[Data to use Boundary: Start]

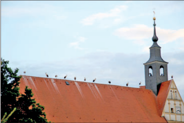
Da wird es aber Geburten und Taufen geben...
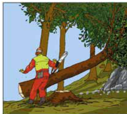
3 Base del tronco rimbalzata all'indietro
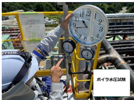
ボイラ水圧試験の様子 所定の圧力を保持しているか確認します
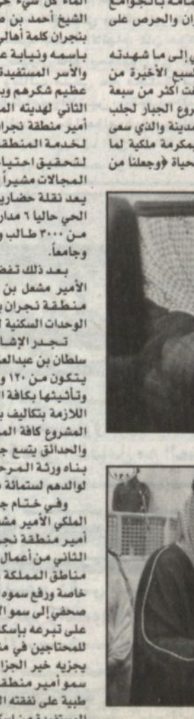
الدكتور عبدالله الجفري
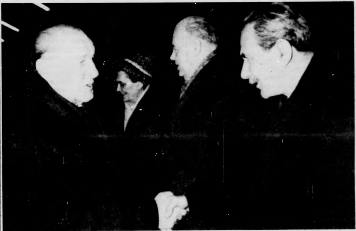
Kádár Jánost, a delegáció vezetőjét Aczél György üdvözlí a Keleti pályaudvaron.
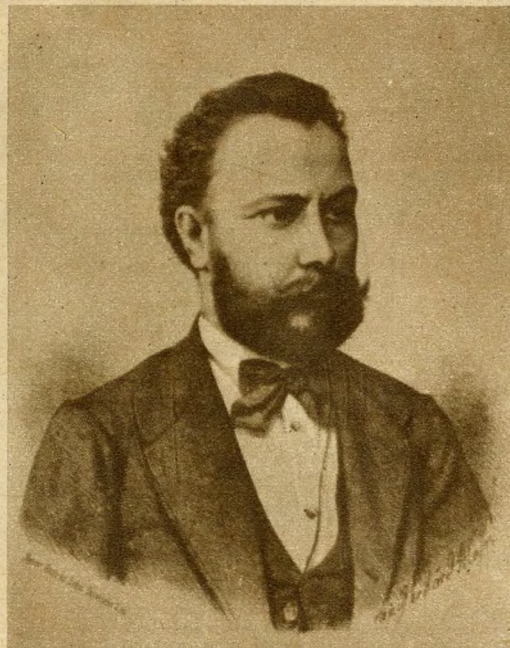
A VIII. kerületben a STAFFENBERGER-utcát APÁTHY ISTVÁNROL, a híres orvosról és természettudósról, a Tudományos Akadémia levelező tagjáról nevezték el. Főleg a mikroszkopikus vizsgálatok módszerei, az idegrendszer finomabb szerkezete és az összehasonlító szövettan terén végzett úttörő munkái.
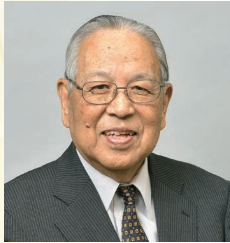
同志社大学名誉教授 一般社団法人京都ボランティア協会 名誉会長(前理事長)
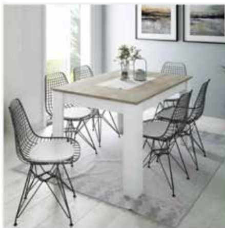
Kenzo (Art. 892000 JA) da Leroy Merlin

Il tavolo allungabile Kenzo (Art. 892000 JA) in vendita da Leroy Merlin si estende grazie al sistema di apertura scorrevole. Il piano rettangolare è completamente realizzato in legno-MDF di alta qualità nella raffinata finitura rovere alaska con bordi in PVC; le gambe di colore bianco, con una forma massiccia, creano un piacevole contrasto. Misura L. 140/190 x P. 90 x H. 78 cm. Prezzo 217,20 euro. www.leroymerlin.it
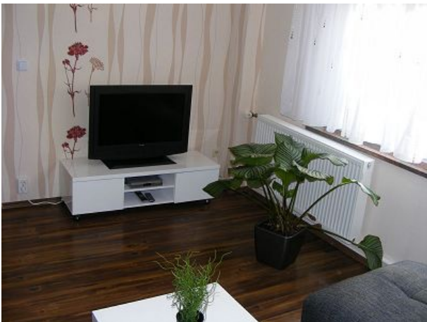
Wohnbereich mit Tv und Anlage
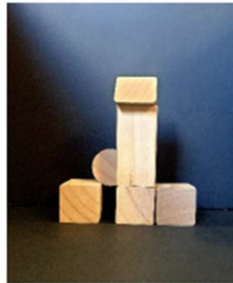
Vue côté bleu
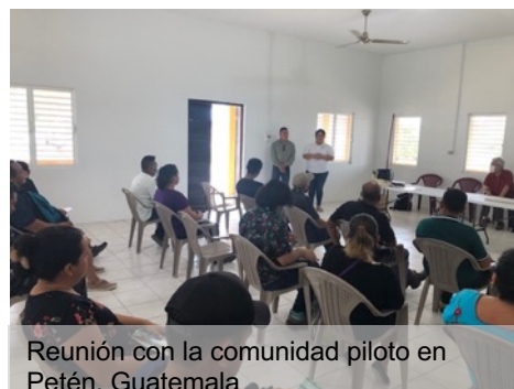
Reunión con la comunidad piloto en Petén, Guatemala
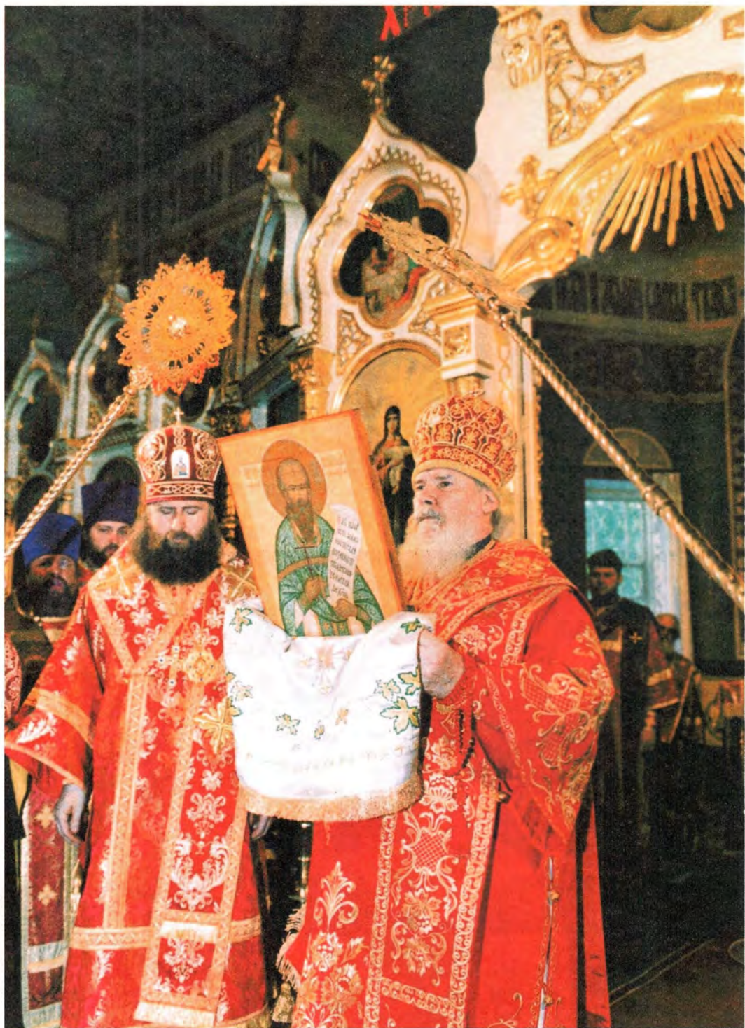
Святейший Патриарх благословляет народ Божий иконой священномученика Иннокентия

[Data to use Boundary: End]

:: About this exercise ::
Every line above that holds the word "Kenzo" is to be found and copied.

:: Written reply ::
Kenzo (Art. 892000 JA) da Leroy Merlin
Il tavolo allungabile Kenzo (Art. 892000 JA) in vendita da Leroy Merlin si estende grazie al sistema di apertura scorrevole. Il piano rettangolare è completamente realizzato in legno-MDF di alta qualità nella raffinata finitura rovere alaska con bordi in PVC; le gambe di colore bianco, con una forma massiccia, creano un piacevole contrasto. Misura L. 140/190 x P. 90 x H. 78 cm. Prezzo 217,20 euro. www.leroymerlin.it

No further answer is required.